## What to do
Up to and including the line holding "Tomcat服务器启动时,首", write out the data exactly from its first line, but not the pictures.

## Given material
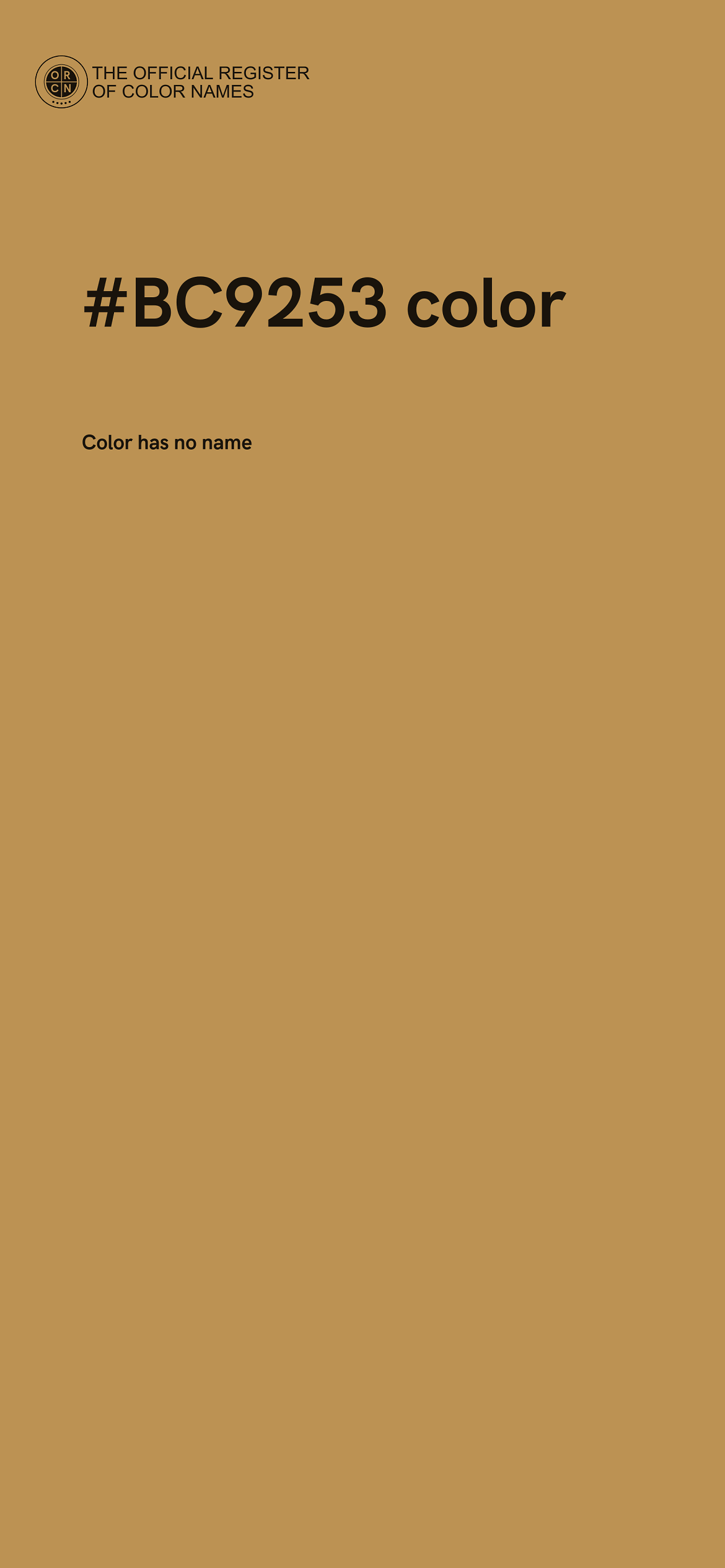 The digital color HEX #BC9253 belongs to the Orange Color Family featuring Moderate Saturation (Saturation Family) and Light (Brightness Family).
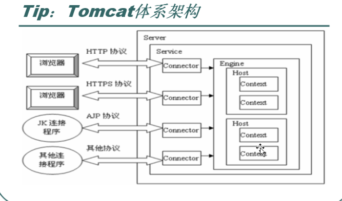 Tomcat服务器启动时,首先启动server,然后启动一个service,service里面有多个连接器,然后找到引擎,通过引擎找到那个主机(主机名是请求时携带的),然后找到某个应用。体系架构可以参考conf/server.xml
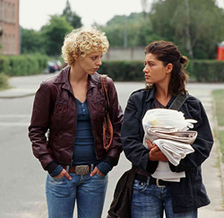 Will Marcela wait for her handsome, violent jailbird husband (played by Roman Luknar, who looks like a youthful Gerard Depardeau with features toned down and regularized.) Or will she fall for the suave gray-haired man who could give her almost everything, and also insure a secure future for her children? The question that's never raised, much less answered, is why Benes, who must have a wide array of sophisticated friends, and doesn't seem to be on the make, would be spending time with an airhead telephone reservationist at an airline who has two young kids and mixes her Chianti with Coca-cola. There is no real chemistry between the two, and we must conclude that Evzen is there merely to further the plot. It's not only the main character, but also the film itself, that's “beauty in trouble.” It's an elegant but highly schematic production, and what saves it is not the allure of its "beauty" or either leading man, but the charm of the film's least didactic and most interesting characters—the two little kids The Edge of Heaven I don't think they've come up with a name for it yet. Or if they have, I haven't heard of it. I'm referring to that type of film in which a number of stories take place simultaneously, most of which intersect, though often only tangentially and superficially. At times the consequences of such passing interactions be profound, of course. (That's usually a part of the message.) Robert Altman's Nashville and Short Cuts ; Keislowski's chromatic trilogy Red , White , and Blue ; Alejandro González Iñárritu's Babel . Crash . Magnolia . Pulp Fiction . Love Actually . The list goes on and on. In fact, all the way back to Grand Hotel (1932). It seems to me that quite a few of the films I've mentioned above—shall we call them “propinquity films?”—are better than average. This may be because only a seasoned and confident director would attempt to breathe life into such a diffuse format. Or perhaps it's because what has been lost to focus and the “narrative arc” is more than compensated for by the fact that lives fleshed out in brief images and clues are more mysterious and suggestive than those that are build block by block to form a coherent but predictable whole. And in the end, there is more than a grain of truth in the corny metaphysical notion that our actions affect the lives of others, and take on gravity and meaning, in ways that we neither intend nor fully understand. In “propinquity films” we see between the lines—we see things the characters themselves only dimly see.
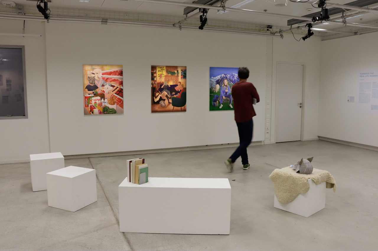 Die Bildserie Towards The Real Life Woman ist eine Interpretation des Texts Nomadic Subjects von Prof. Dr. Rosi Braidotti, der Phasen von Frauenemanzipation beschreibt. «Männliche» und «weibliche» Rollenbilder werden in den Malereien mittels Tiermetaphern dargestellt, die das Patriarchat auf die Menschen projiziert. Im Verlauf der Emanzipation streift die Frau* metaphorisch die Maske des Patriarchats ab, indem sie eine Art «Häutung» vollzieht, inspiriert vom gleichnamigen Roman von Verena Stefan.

## Answer for this exercise
 The digital color HEX #BC9253 belongs to the Orange Color Family featuring Moderate Saturation (Saturation Family) and Light (Brightness Family).
 Tomcat服务器启动时,首先启动server,然后启动一个service,service里面有多个连接器,然后找到引擎,通过引擎找到那个主机(主机名是请求时携带的),然后找到某个应用。体系架构可以参考conf/server.xml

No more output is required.